The core of BioNIC consists of four “biological layers” (A‑D) that correspond to V1 laminae (4, 2/3, 5, and 6). The number of neurons in each layer matches the actual count of excitatory cell types reported for that lamina (e.g., 266 neurons in layer A, 349 in layer B, etc.). Inter‑layer connections are masked by the adjacency matrix (Mk), while intra‑layer connections are also masked (Nk) to preserve within‑layer circuitry. Graded inhibition is implemented by counting incoming inhibitory connections for each neuron (Ik), normalizing this count, and scaling the neuron’s output with a learnable factor α (s(k)=1−α·Ik/max(Ik)+ε). This mechanism prevents runaway excitation and introduces biologically plausible excitatory‑inhibitory balance.

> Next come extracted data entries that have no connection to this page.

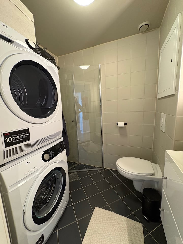 חדר רחצה: חדר רחצה אריחים עם מקלחת, שירותים, מכונת כביסה ומייבש כביסה
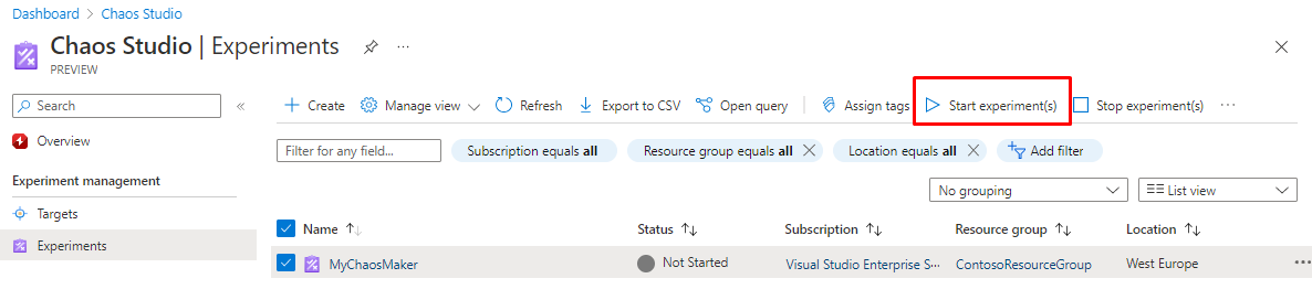 If you are using Chaos Studio for the first time, you must first register the Chaos Studio resource provider before on-boarding resources and creating an experiment. This must be done for each subscription where Chaos Studio will be used.
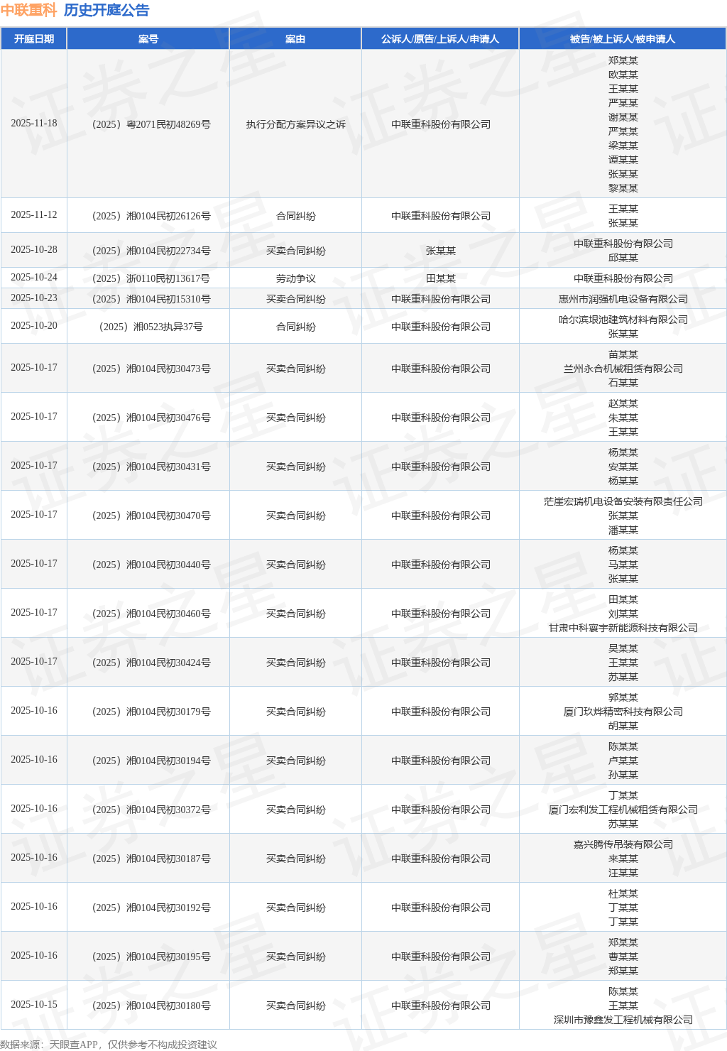 案号:(2025)湘0104民初22734号根据统计,近一年内以中联重科股份有限公司为当事人的历史开庭公告有153则,其中案由为“买卖合同纠纷”的公告以92则居首,其次为“侵权责任纠纷”有8则,“追偿权纠纷”有8则。历史开庭公告(前20条)如下:
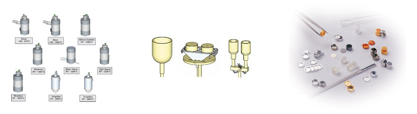 STA 449 F3 提供多種不同材質的坩堝,如氧化鋁,白金,鋁,石墨,石英等。對于每種坩堝均提供多種不同的尺寸規(guī)格。

Training uses standard cross‑entropy loss and the Adam optimizer with L2 weight decay. Data augmentation (random resized crops, rotations, horizontal flips, brightness/contrast jitter) and synaptic noise (Gaussian perturbation of weights) are added to emulate natural sensory variability and neural stochasticity. The model is evaluated on FER‑2013, achieving an accuracy of 59.77 ± 0.27 %, statistically comparable to a conventional CNN baseline (≈60 %). Ablation studies show that removing the connectivity masks, graded inhibition, attention modules, or synaptic noise each degrades performance by 0.9–2.1 percentage points, confirming that each biologically motivated component contributes positively.

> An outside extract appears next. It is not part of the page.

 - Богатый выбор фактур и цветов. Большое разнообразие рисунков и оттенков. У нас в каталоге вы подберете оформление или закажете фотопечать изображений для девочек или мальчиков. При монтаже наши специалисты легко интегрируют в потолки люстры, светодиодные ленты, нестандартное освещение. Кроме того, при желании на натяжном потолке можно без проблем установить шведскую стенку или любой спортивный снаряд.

The authors discuss limitations: only a single cortical column is modeled, higher‑order visual and affective areas (e.g., insula, amygdala) are omitted, and the learning rule remains back‑propagation despite claims of Hebbian plasticity. They suggest future work to incorporate multiple columns, inter‑area connections, and genuine Hebbian or meta‑plasticity mechanisms, which could yield both higher biological fidelity and improved performance.
Overall, BioNIC demonstrates that integrating high‑resolution connectomics data as structural priors is feasible and can produce competitive performance on a real‑world computer‑vision task, opening a pathway for more tightly coupled neuroscience‑AI research.